* What is being asked *
Only an exact repetition of the lines from the one holding "11月12日數(shù)學(xué)專場" to the end of the data is wanted, with pictures left out.

* Information supplied *
···
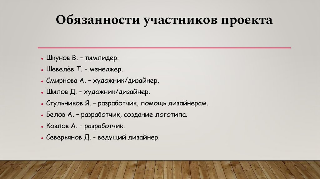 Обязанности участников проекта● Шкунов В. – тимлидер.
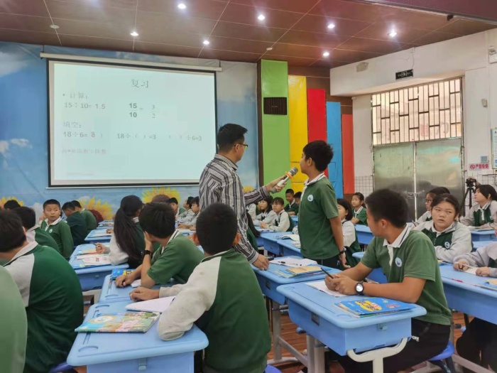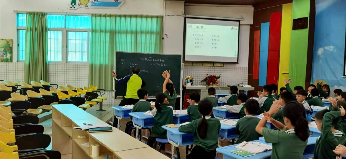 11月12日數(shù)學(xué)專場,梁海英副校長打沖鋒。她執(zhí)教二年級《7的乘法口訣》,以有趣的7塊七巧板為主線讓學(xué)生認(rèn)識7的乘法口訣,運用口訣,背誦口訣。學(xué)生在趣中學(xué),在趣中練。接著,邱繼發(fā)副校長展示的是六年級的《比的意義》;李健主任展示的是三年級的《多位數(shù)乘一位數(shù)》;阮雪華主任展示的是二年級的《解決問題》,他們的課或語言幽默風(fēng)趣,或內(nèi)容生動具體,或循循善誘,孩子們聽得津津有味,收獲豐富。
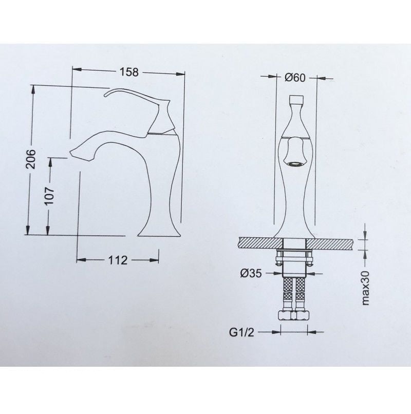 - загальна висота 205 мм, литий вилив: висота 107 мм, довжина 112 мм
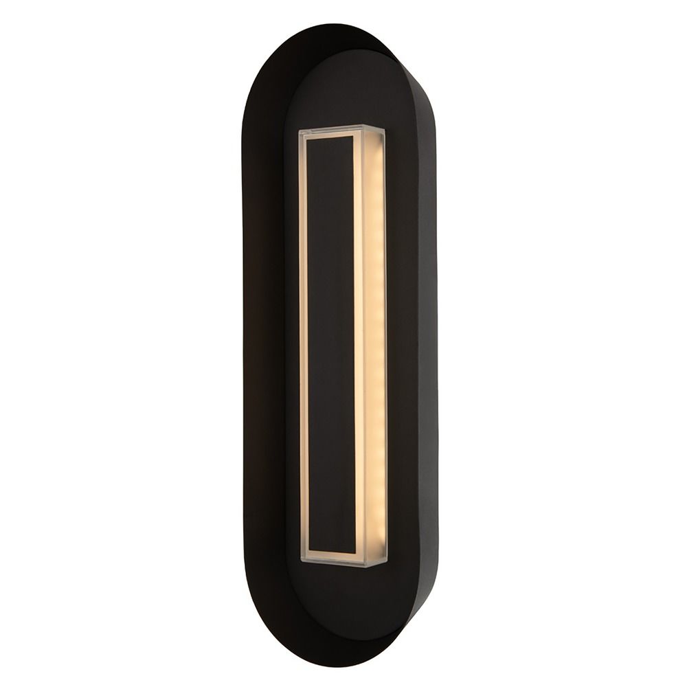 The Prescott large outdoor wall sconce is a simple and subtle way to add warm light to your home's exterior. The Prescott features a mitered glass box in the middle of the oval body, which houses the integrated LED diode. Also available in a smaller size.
···
* Exercise response *
 11月12日數(shù)學(xué)專場,梁海英副校長打沖鋒。她執(zhí)教二年級《7的乘法口訣》,以有趣的7塊七巧板為主線讓學(xué)生認(rèn)識7的乘法口訣,運用口訣,背誦口訣。學(xué)生在趣中學(xué),在趣中練。接著,邱繼發(fā)副校長展示的是六年級的《比的意義》;李健主任展示的是三年級的《多位數(shù)乘一位數(shù)》;阮雪華主任展示的是二年級的《解決問題》,他們的課或語言幽默風(fēng)趣,或內(nèi)容生動具體,或循循善誘,孩子們聽得津津有味,收獲豐富。
 - загальна висота 205 мм, литий вилив: висота 107 мм, довжина 112 мм
 The Prescott large outdoor wall sconce is a simple and subtle way to add warm light to your home's exterior. The Prescott features a mitered glass box in the middle of the oval body, which houses the integrated LED diode. Also available in a smaller size.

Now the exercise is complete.